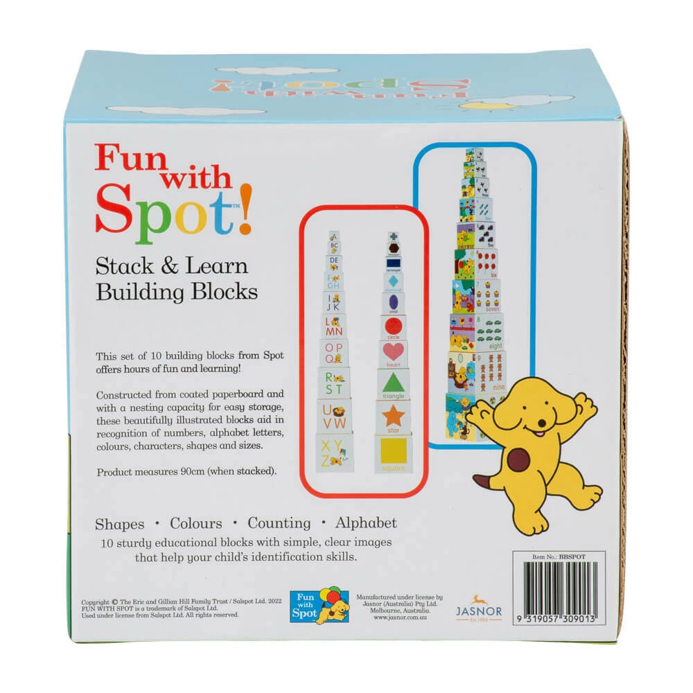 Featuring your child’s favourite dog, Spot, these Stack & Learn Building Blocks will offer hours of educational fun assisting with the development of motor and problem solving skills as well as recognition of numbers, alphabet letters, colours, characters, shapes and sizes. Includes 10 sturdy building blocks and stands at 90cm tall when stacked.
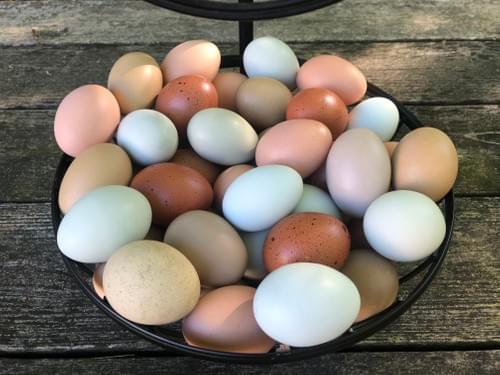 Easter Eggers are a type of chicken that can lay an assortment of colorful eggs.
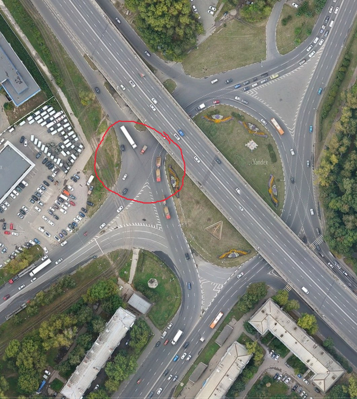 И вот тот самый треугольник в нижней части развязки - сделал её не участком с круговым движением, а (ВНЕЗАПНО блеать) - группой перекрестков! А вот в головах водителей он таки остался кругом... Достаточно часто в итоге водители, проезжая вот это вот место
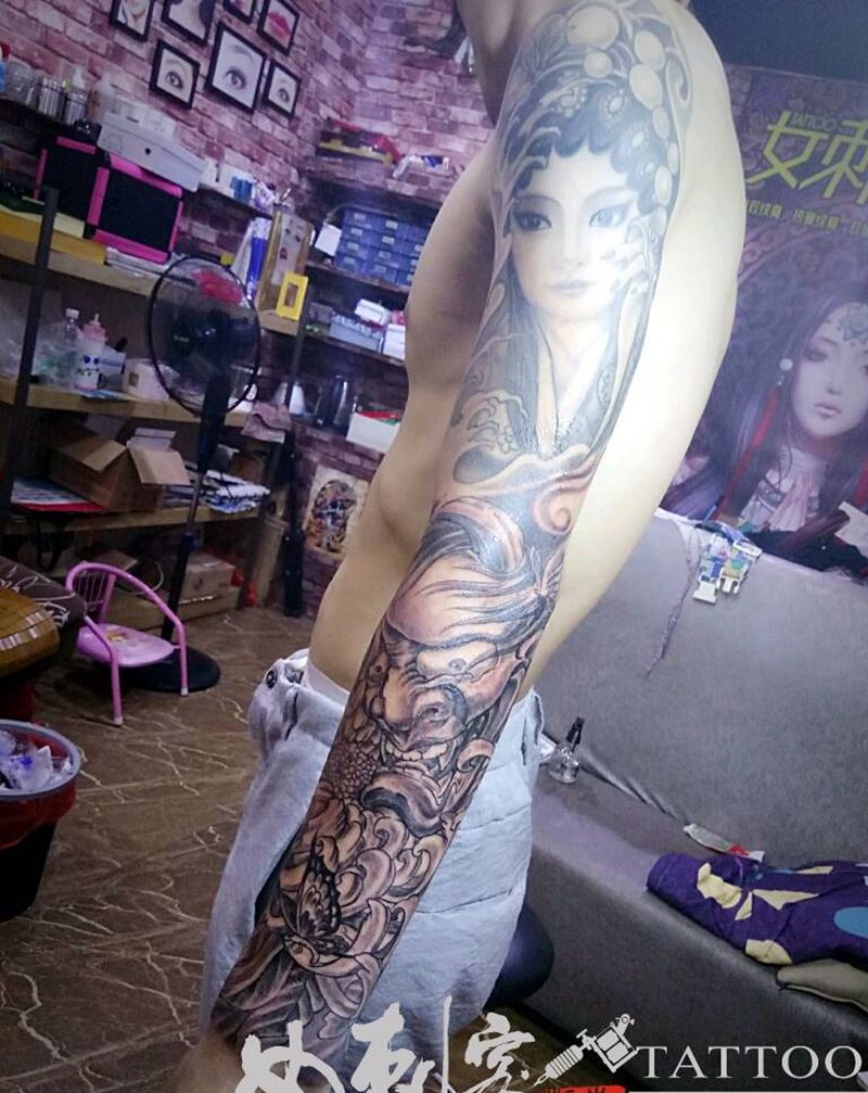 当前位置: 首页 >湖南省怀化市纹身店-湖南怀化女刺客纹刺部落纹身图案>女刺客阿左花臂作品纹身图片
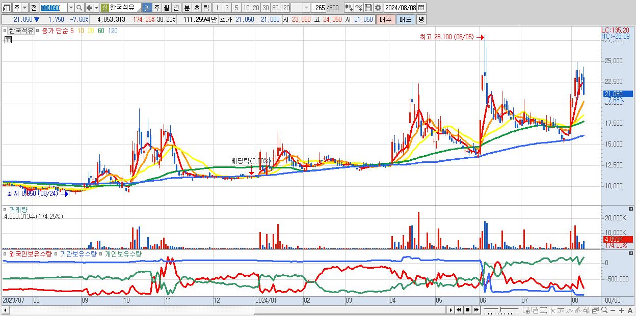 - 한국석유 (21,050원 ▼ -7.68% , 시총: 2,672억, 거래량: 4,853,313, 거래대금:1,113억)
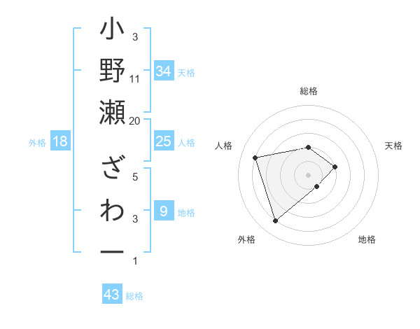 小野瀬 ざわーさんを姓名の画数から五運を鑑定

◇ ◇ ◇ ◇

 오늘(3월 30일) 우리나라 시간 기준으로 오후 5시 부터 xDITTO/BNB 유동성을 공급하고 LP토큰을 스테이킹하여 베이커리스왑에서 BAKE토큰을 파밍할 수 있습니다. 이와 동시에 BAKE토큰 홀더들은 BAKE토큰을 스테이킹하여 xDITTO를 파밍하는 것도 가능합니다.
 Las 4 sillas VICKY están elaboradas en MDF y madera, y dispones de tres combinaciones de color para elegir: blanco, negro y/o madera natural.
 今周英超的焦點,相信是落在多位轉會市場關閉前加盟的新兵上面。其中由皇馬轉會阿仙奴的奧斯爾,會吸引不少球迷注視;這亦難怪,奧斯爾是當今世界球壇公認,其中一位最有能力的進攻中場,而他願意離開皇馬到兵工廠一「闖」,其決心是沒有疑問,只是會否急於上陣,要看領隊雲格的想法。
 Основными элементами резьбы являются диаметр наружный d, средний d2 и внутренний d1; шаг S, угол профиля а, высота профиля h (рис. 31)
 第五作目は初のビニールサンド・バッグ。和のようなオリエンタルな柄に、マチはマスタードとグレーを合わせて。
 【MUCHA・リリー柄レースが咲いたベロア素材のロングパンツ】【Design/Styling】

◇ ◇ ◇ ◇

* TASK DETAILS
Take the material above and output only the lines from the one that contains "当前位置: 首页 >湖南省怀化市纹身店-湖南怀化女刺客纹刺部落纹身图案>女刺客阿左花臂作品纹身图片" through the one that contains "小野瀬 ざわーさんを姓名の画数から五運を鑑定", ends included and images left out.

* EXERCISE RESPONSE
 当前位置: 首页 >湖南省怀化市纹身店-湖南怀化女刺客纹刺部落纹身图案>女刺客阿左花臂作品纹身图片
 - 한국석유 (21,050원 ▼ -7.68% , 시총: 2,672억, 거래량: 4,853,313, 거래대금:1,113억)
 小野瀬 ざわーさんを姓名の画数から五運を鑑定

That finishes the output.